At this point, it seems to me reasonable to assume we're _not_ special, and the onus should be on anybody claiming that we are to at least attempt to mention in passing what is the secret sauce that we have (even if we can't quite say what it is without handwaving or using concepts that by definition can not be defined - "qualia is the indescribable feeling of red - its redness (?)).

Oh, and sorry, I could never quite grasp what "sentient" is supposed to mean - would we be able to tell we're not sentient if we weren't?

giardini 11 June 2025
Now that y'all have had time to digest this, could you please post an ELI5 for the great unwashed masses?
d4rkn0d3z 7 June 2025
I wrote my first MLP 25 years ago. After repeating some early experiments in machine learning from 20 ywars before that. One of the experiments I repeated was in text to speach. It was amazing to set up training runs and return after seveal hours to listen to my supercomputer babble like a toddler. I literally recall listening and being unable to distinguish the output from my NN from that of a real toddler, I happened to be teaching my neice to read around that same time. And when the NN had gained a large vocabulary such that it could fairly proficiently read aloud, I was convinced that I had found my PHD project and a path to AGI.

Further examination and discussion with more experienced researchers gave me pause. They said that one must have a solution, or a significant new approach toward solving the hard problems associated with a research project for it to be viable, otherwise time (and money) is wasted finding new ways to solve the easy problems.

This is a more general principle that can be applied to most areas of endeavour. When you set about research and development that involves a mix of easy, medium, and hard problems, you must solve the hard problems first otherwise you blow your budget finding new ways to solve the easy problems, which nobody cares about in science.

But "AI" has left the realm of science behind and entered the realm of capitalism where several years of meaningless intellectual gyration without ever solving a hard problem may be quite profitable.

8bitsrule 7 June 2025
Fusion has been 25 years away for all of my life.
jawiggins 8 June 2025
Figure 5 is really quite remarkable. It seems to show that normal LLMs are better at tasks where the correct answer is likely to be the next token. For tasks that require a small number of intermediate steps, current reasoning models do much better, but break down as the number of intermediate steps grow.
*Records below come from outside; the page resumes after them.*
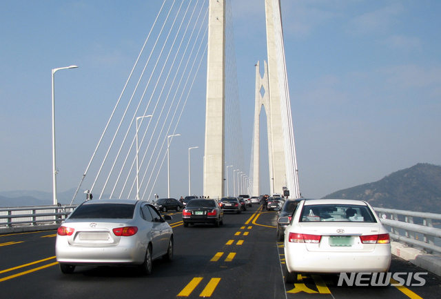 【신안=뉴시스】박상수 기자 = 2일 오전 전남 신안군 압해도와 암태도를 연결하는 '천사대교'가 차량들로 북적이고 있다. 천사대교는 설 연휴를 맞아 1일부터 7일까지 임시개통한다. 2019.02.02.
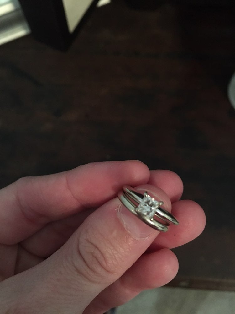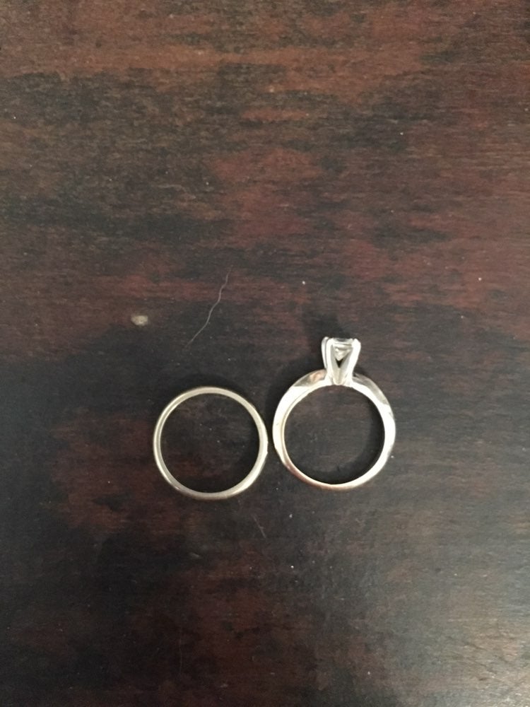 1/2 carat diamond set in white gold. Has a white gold band that comes with it making it a set. Size 4.5.
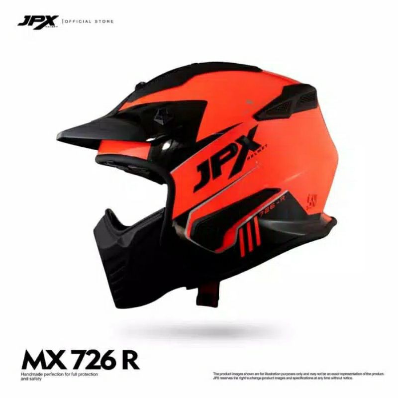 Jpx Full Face Helmet MX-726R Fluorescent Red Doff-Black (Retro/Modular/Classic)
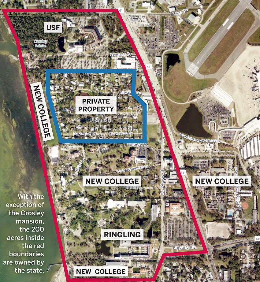 At the southern end of Uplands, you will come upon New College of Florida — its approximately 100 total acres stretching from the bay on the west and across Tamiami Trail to the east to the airport and including the late Charles Ringling’s beautiful bayfront mansion.

This seems to indicate that the next generation of models should focus on recursively solving small parts of the problem before function-calling another model to solve another small part of the problem and working it's answer into the reasoning loop.

Many seem to be citing this paper as an indication that LLMs are over - I think this indicates a clear path towards the next step function change in their abilities.

behnamoh 6 June 2025
Okay Apple, you got my attention. But I'm a strong proponent of "something is better than nothing" philosophy—even if OpenAI/Google/etc. are building reasoning models with the limitations that you describe, they are still a huge progress compared to what we had not long ago. Meanwhile you're not even trying.

It's so easy to criticize the works of others and not deliver anything. Apple—be Sam in Game of Thrones: "I'm tired of reading about the achievements of better men".